Bringing the underutilized land under cultivation. Management of wastelands. Maintenance of village commons. Decentralized land management system. Panchayat Raj institutions to manage the village lands. Rethinking on land legislations
Answer:
Land problems in India continue to attract equal attention from policy-makers and academics. The renewed interest in land issues stems from the perceived impact of liberalization and opening up the economy. Tenancy, land ceiling and land administration are being revisited with a new perspective. Among the issues under renewed focus, legalizing tenancy, revising the ceiling limits, quality of land, meeting the challenge of miniscule holdings that are a consequence of marginalization and land administration are dominating the debate. This paper looks at these issues. It sets a background to the emergence of land policy in India from pre-Independence and, after tracing it through various phases, maps out the impacts and emerging challenges. After an analysis of the development of land policy over various planning periods, the issues at stake during the 1990s are reviewed. Finally a case is made for a new land-policy framework that includes reforms to the maintenance of land records, deals with concealed tenancy and non-viable land holdings, and the problem of land quality. These issues have assumed greater importance in the current economic transition in rural areas.
Explanation:
Land policy in India has been a major topic of government policy discussions since the time prior to Independence from British rule. The peasants of the country strongly backed the independence movement and the "Land to the Tiller" policy of the Congress Party because of the prevailing agrarian conditions. The agrarian structure during British administration emerged with a strong historical background (Baden Powel, 1974; Dutt, 1976; Appu, 1996). The land-revenue system implemented by Todar Mal during Akbar's regime can be traced as the possible beginning of systematic efforts to manage the land. This method incorporated measurement, classification and fixation of rent as its main components. Under the various pre- British regimes, land revenues collected by the state confirmed its right to land produce, and that it was the sole owner of the land. British rulers took a cue from this system and allowed the existence of noncultivating intermediaries. The existence of these parasitic intermediaries served as an economic instrument to extract high revenues (Dutt, 1947) as well as sustaining the political hold on the country. Thus at the time of Independence the agrarian structure was characterized by parasitic, rent-seeking intermediaries, different land revenue and ownership systems across regions, small numbers of land holders holding a large share of the land, a high density of tenant cultivators, many of whom had insecure tenancy, and exploitative production relations (Appu, 1996).
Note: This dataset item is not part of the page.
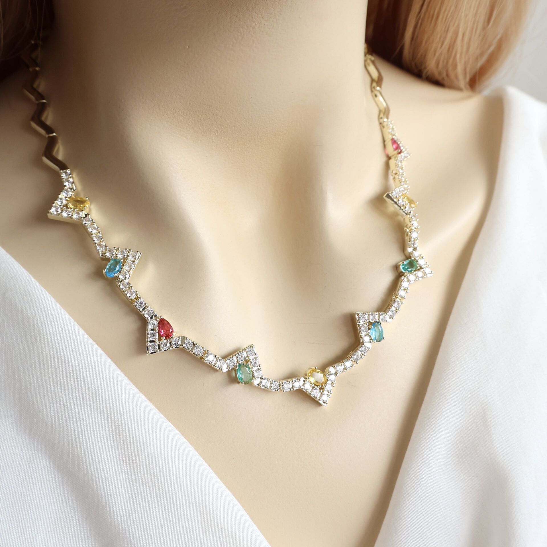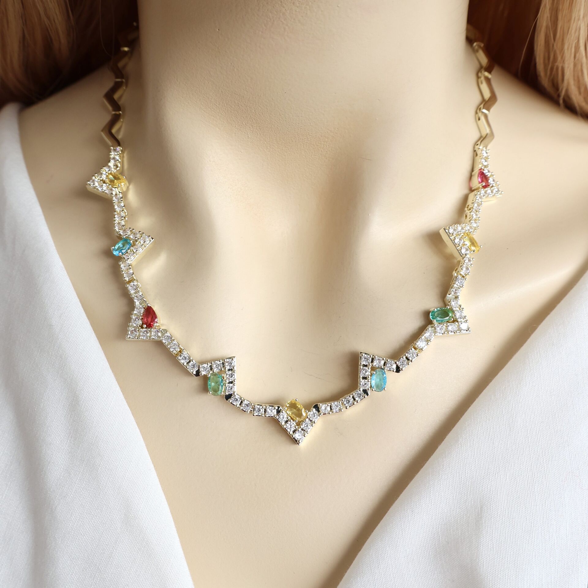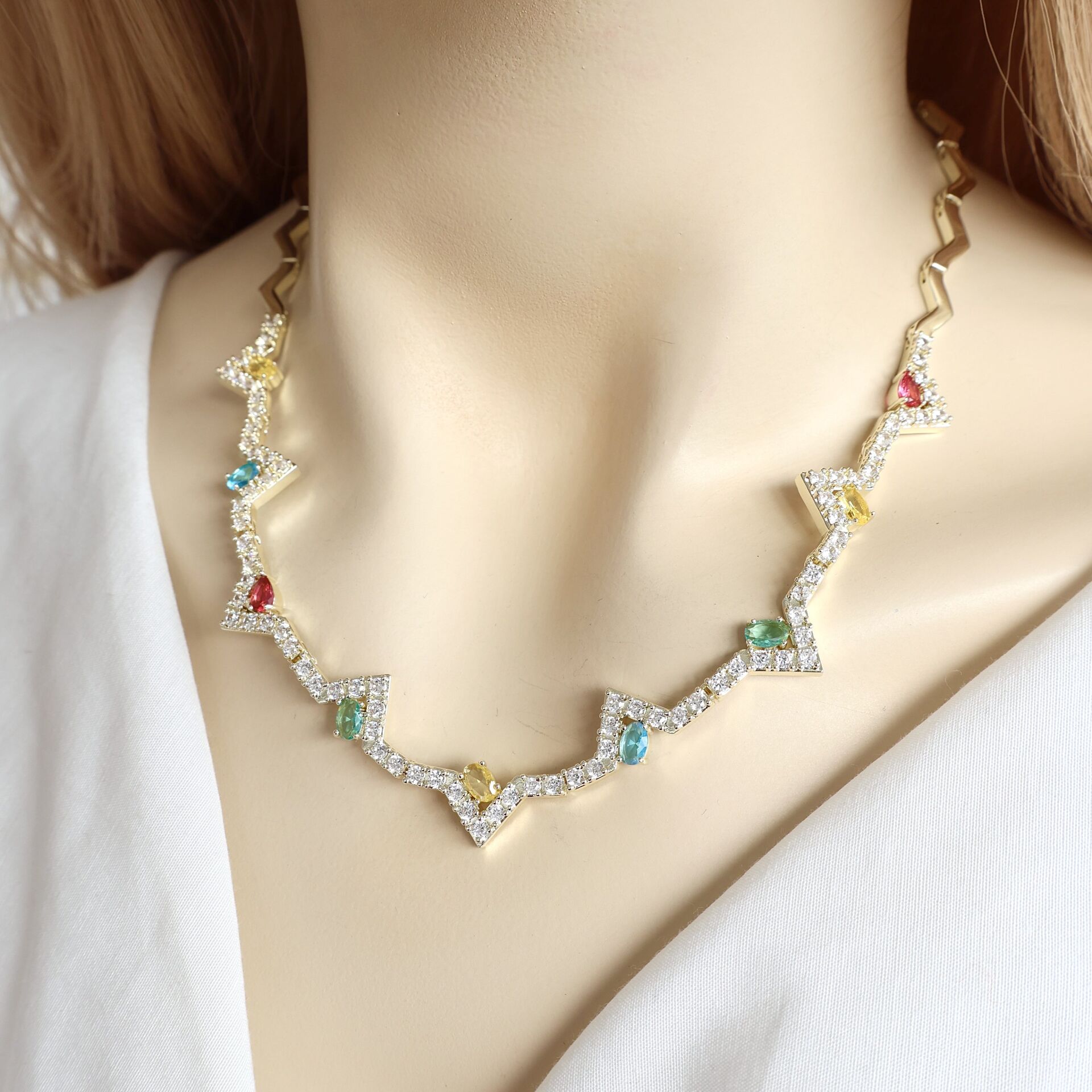 1. sınıf pirinç malzeme kaplama kolye.Zirkon taşlar kullanılmıştır.
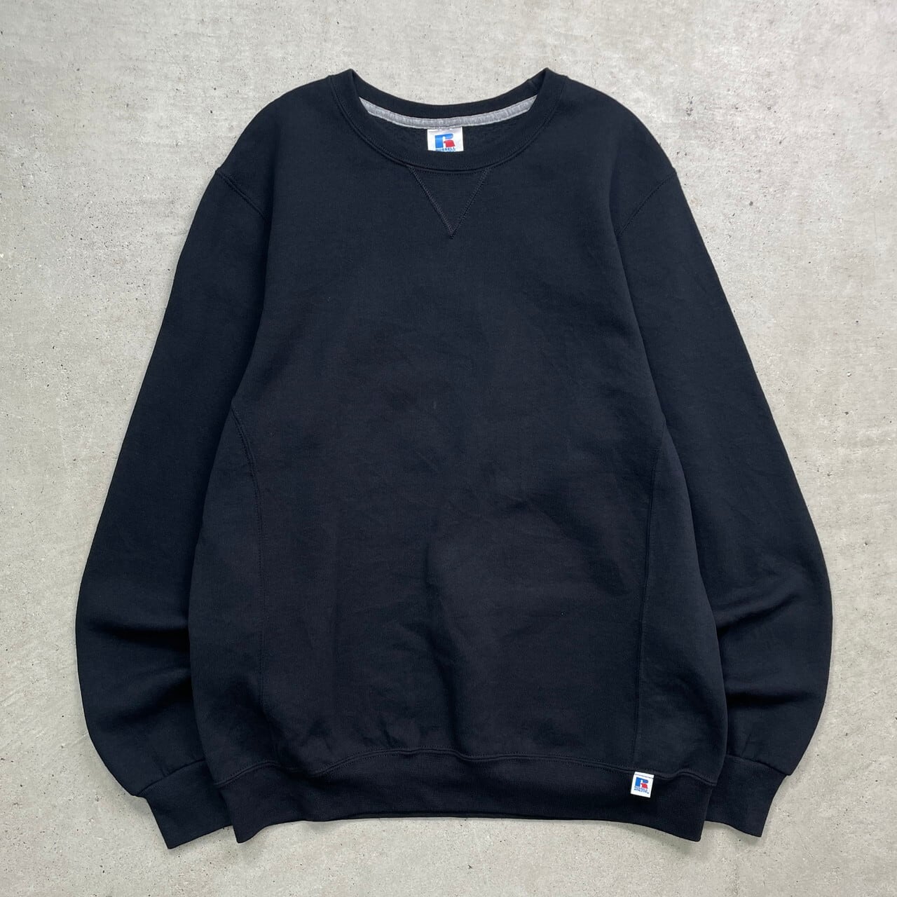00年代 RUSSELL ATHLETIC ラッセル リバースタイプ ブランクスウェットシャツ 無地 メンズL相当 古着 00s Y2K VINTAGE ヴィンテージ アメカジ トレーナー 前Vガゼット 黒色【スウェット】/ブラックSS30

Immediately after Independence a Committee, under the Chairmanship of the late Shri J. C. Kumarappa (a senior Congress leader), was appointed to look into the problem of land. The Kumarappa Committee's report recommended comprehensive agrarian reform measures. India's land policy in the decades immediately following its independence was dominated by legislative efforts to address the problems identified by the Kumarappa Committee (NCA, 1976; Joshi, 1987). A substantial volume of legislation was adopted, much of it flawed and little of it seriously implemented.